Your copy of the listing should match it exactly, only without pictures.

> _INPUT DATA_
- Opening Delimiter -
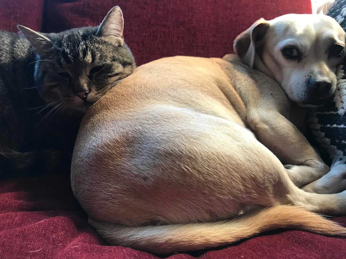 The people say Toby is friend to cats, and he is that. He and Gus hang out quite a bit, when Gus bothers to come inside.
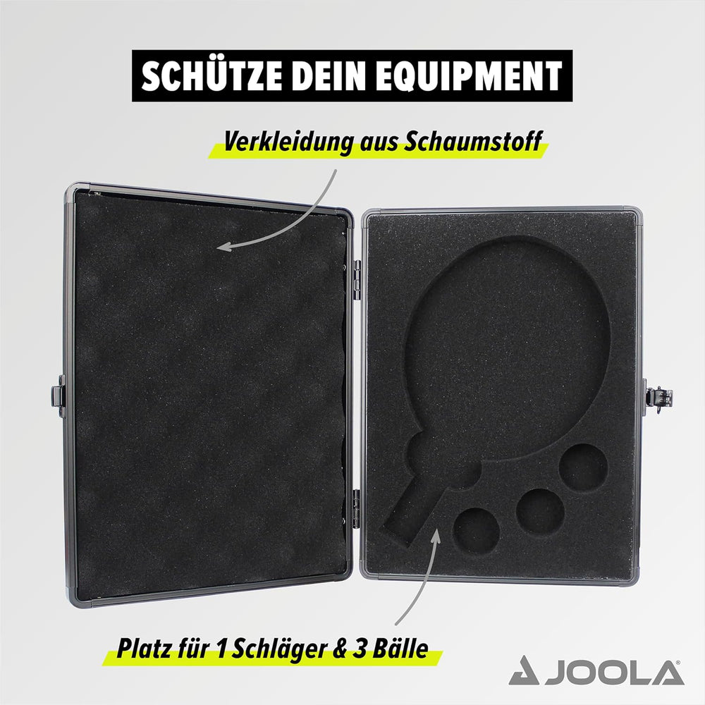 JOOLA Tischtennishülle Schlägerkoffer BAT CASE Alukoffer passend für 1 Tischtennisschläger und 3 Tis
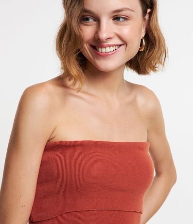 Blusa em Tricô Tomara que Caia e com Pala Virada
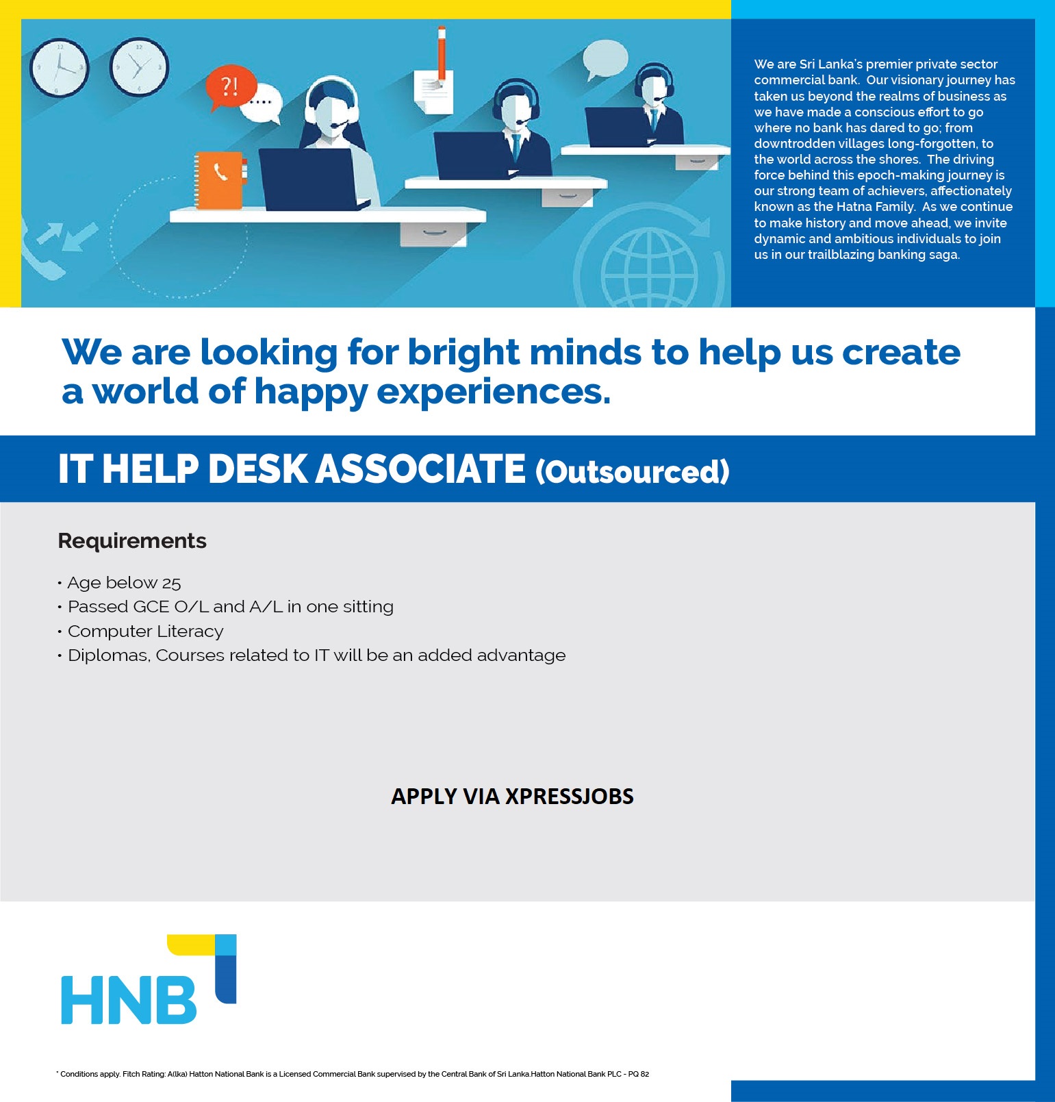 Join HNB as an IT Help Desk Associate (Outsourced)!
- Closing Delimiter -
> _THE COMPLETED TASK_
 The people say Toby is friend to cats, and he is that. He and Gus hang out quite a bit, when Gus bothers to come inside.
 JOOLA Tischtennishülle Schlägerkoffer BAT CASE Alukoffer passend für 1 Tischtennisschläger und 3 Tis
 Blusa em Tricô Tomara que Caia e com Pala Virada
 Join HNB as an IT Help Desk Associate (Outsourced)!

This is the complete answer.